→ **Data excerpt**
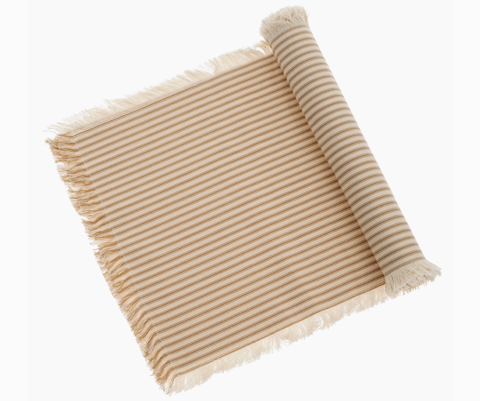 Bring texture, pattern, and interest to your table by layering on an easy to style Ticking Fringe Runner. With woven stripes and embellished with an eyelash fringe, this tried-and-true French classic has stood the test of time. Add a runner to create a welcoming table for day-to-day use or dress it up with a more is more approach for dinner parties with thoughtful layers of texture and style. Machine Washable.
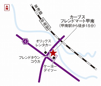 県道4号草津伊賀線 竜法師交差点すぐフレンドマート内。甲南駅から徒歩18分。
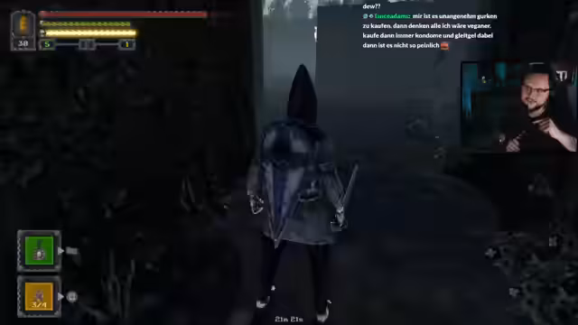 02:38:12Nachdem eine anfangs gewählte Waffe als zu langsam und unpraktisch empfunden wurde, entscheidet sich der Streamer für ein neues Schwert. Er ist von dessen Aussehen und dem Effekt, der Ausdauer verbessert und das Rollen und Sprinten ausdauerfrei macht, begeistert. Eine Enthusiasmus, der sich auch auf Mountain-Dew ausdehnt, das er oft in Geschäften kauft und dessen Ankauf er als peinlich, aber lecker empfindet.

→ **Assigned task**
This task asks for the data above repeated exactly, without a single picture.

→ **Answer box**
 Bring texture, pattern, and interest to your table by layering on an easy to style Ticking Fringe Runner. With woven stripes and embellished with an eyelash fringe, this tried-and-true French classic has stood the test of time. Add a runner to create a welcoming table for day-to-day use or dress it up with a more is more approach for dinner parties with thoughtful layers of texture and style. Machine Washable.
 県道4号草津伊賀線 竜法師交差点すぐフレンドマート内。甲南駅から徒歩18分。
 02:38:12Nachdem eine anfangs gewählte Waffe als zu langsam und unpraktisch empfunden wurde, entscheidet sich der Streamer für ein neues Schwert. Er ist von dessen Aussehen und dem Effekt, der Ausdauer verbessert und das Rollen und Sprinten ausdauerfrei macht, begeistert. Eine Enthusiasmus, der sich auch auf Mountain-Dew ausdehnt, das er oft in Geschäften kauft und dessen Ankauf er als peinlich, aber lecker empfindet.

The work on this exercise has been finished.